Должно быть, почти полночь, и, хотя тело у меня ноет от усталости, я еще не сомкнула глаз и беспрестанно прокручиваю в голове недавний рассказ Бернадетты, Паскаля и Сид. Рассказ о мадам Жюстине, матери Жозефа, которая скончалась столь внезапно и была найдена в таком ужасном виде. Паскаль говорил, что видел огонек, вышедший посреди ночи прямо из стены комнаты в башне.
Наконец я решаюсь и осторожно тормошу Лару. Сестра шевелится.
– Э?
– Не могу заснуть.
Лара озабоченно хмурит брови.
– Опять кошмары? – спрашивает она, натягивая одеяло мне на плечи, но я снова сдергиваю его с себя и отвечаю:
– На сей раз нет. Я думала про замок. Помнишь, что говорила тетушка Бертэ? Якобы в Мезон-де-Пёплье, где мадам Жюстина была гувернанткой у детей Гюйо, ей отвели комнату в башне. А что сегодня рассказывал Паскаль? Про призрачные огни, которые он будто бы видел. Тебе все это не кажется загадочным? Таким же загадочным, как и гибель мадам Жюстины!

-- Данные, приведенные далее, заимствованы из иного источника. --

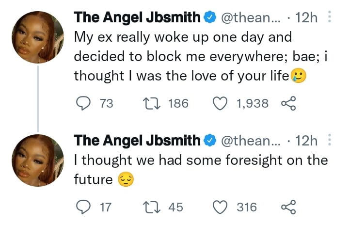 According to Angel, she once had the perception of being loved and wanted by this person until she woke up one morning and found out he blocked her across all social media networks.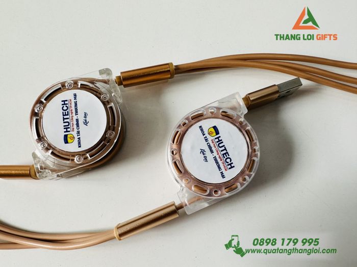 Dây Cáp Sạc 3 Đầu – In Logo Trường ĐH HUTECH: Bộ Quà Tặng Đẳng Cấp Cho Doanh Nghiệp Thành Công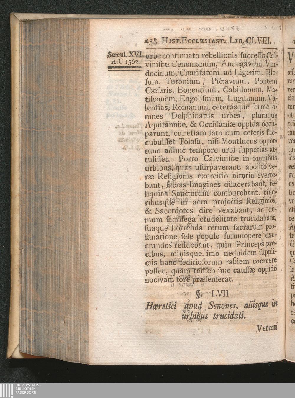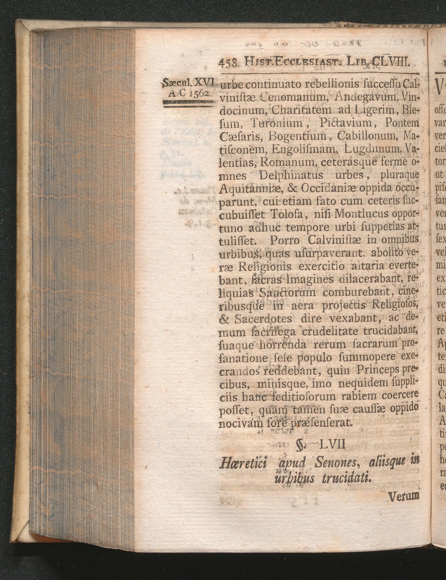 §. 57. Hæretici apud Senones, aliisque in urbibus trucidati.
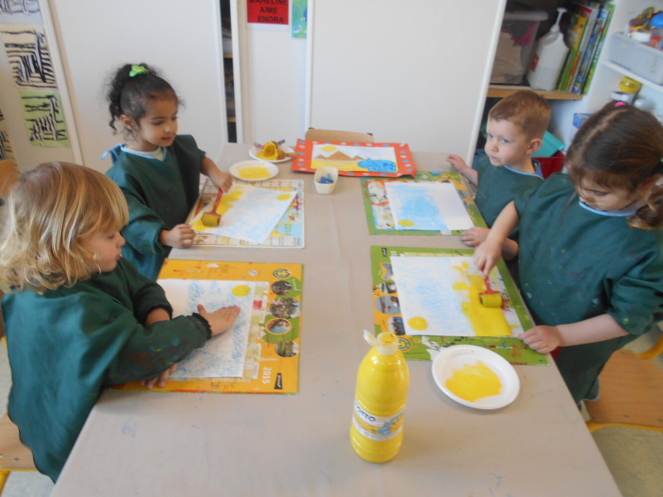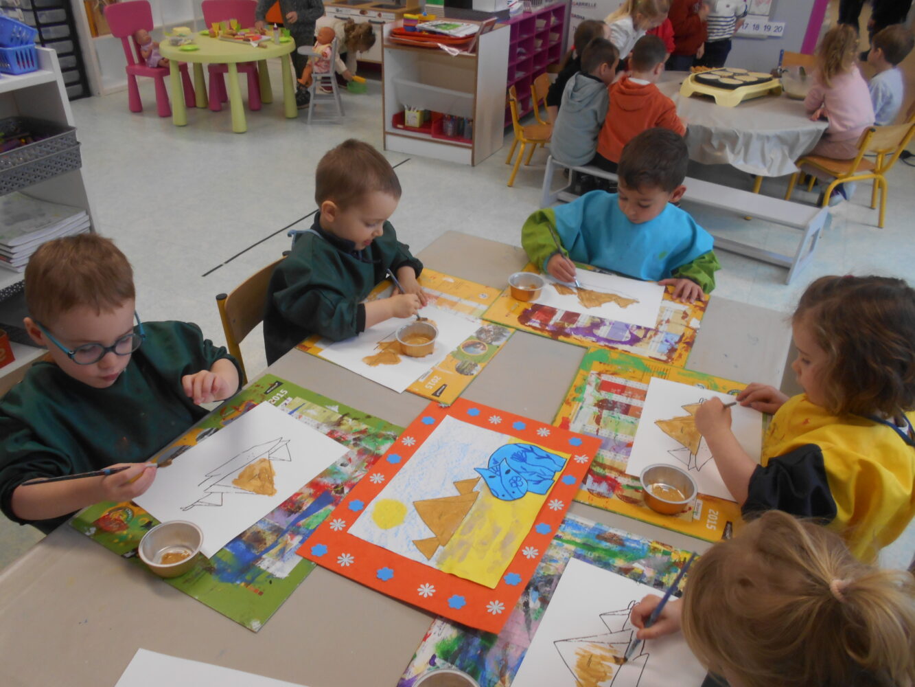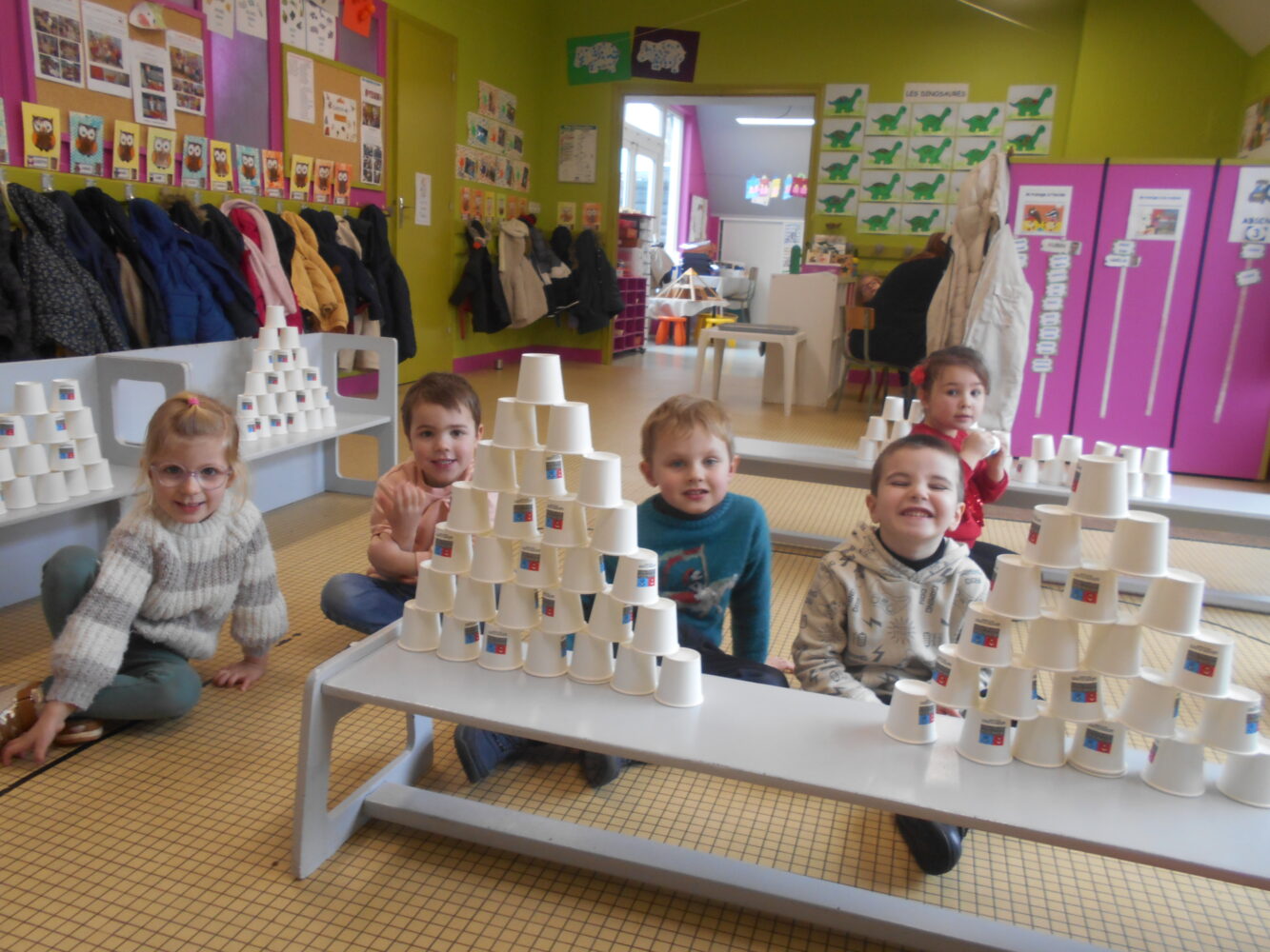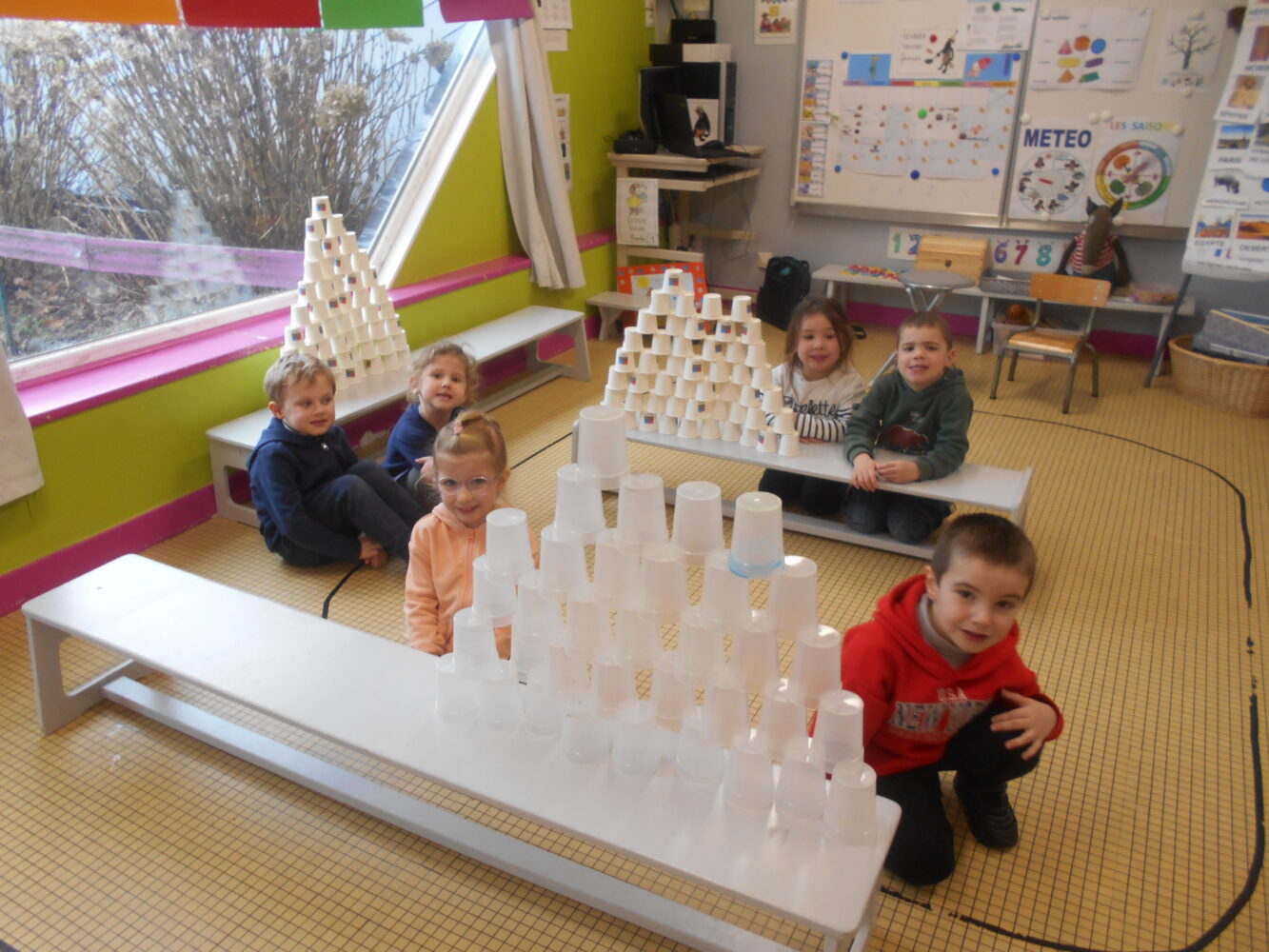 À travers des lectures, des échanges et différentes activités, ils ont découvert une civilisation fascinante et se sont enrichis d’un vocabulaire nouveau : pharaon,, momie, sarcophage, pyramide, désert….Ils ont découvert l’album Petit Noun, support permettant de réaliser de belles oeuvres et des pyramides avec des verres.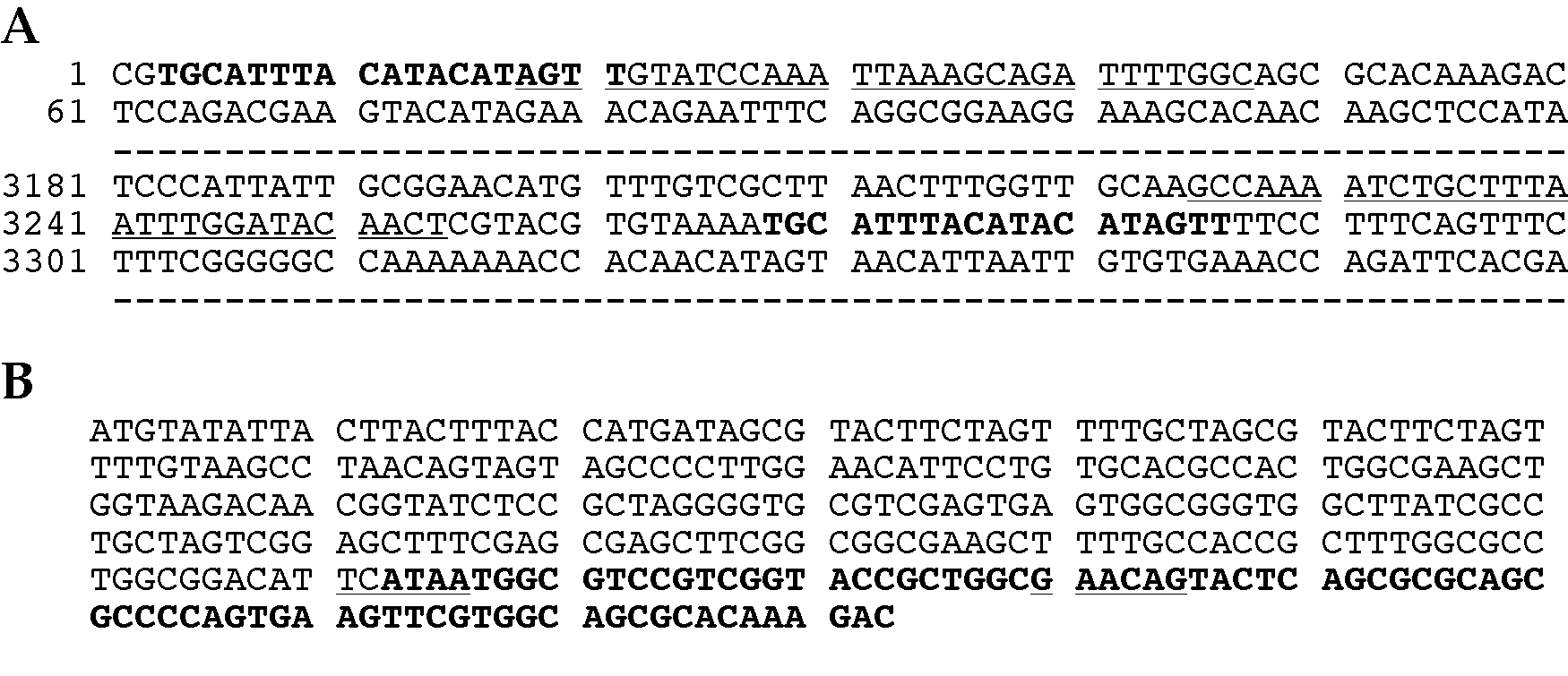 and nucleotides 18-47 (underlined) reverse complement the sequence from 3225-3254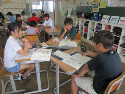 「家族旅行に行くならば、山か。海か」をテーマにして、グループで話し合っています。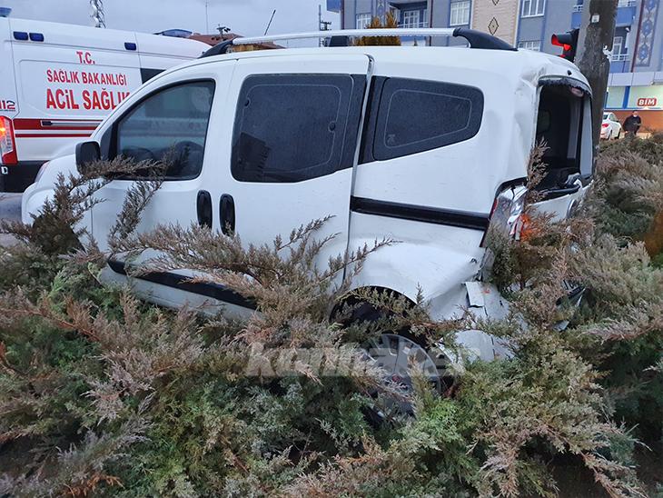 Çarpışmanın etkisiyle hafif ticari araç sürücüsü direksiyon hâkimiyetini kaybedip savrularak orta refüje çıktı.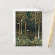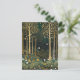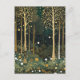 Uma cena florestal fantástica e encantadora com uma paleta verde e dourada. Árvores altas e estilizadas com troncos e galhos ouros chegam em direção a um céu escuro, seus membros adornados com frutas esféricas ou brilhantes. O primeiro plano é uma tapeçaria densa de folhagem detalhada, recheada de flores estilizadas e plantas em tons de verde, creme e ouro em xisto. As órbitas luminosas flutuam pelo ar e descansam no chão, criando uma atmosfera mágica que lembra uma floresta sonhadora. A composição global é altamente decorativa, com uma perspectiva plana e padrões complexos que enchem a canvas.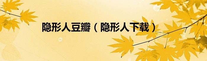 隐形人豆瓣,隐形人下载很多人还不知道,乐乐来为大家解答以上问题,现在让我们一起来看看吧!

– Загадочным? Это трагедия.
– Но разве тебе не любопытно, что это было – там, в башне?
– Нет! – решительно отрезает Лара и закрывает глаза.
– Лгунья, – подзуживаю я сестру. – Когда я расспрашивала Бернадетту про мадам Жюстину, то посматривала и на тебя! Ты была заинтригована не меньше меня.
– Это не наше дело, – отвечает Лара, снова открывая глаза и с упреком глядя на меня.
– Но ты не думаешь, что мы могли бы осмотреть ее завтра после ужина? Башню. Может, я попрошу тетушку Бертэ показать ее нам?
– Это означало бы воспользоваться добротой тетушки, Софи. Она приглашала нас туда на ужин. И не хочет предавать доверие своего хозяина.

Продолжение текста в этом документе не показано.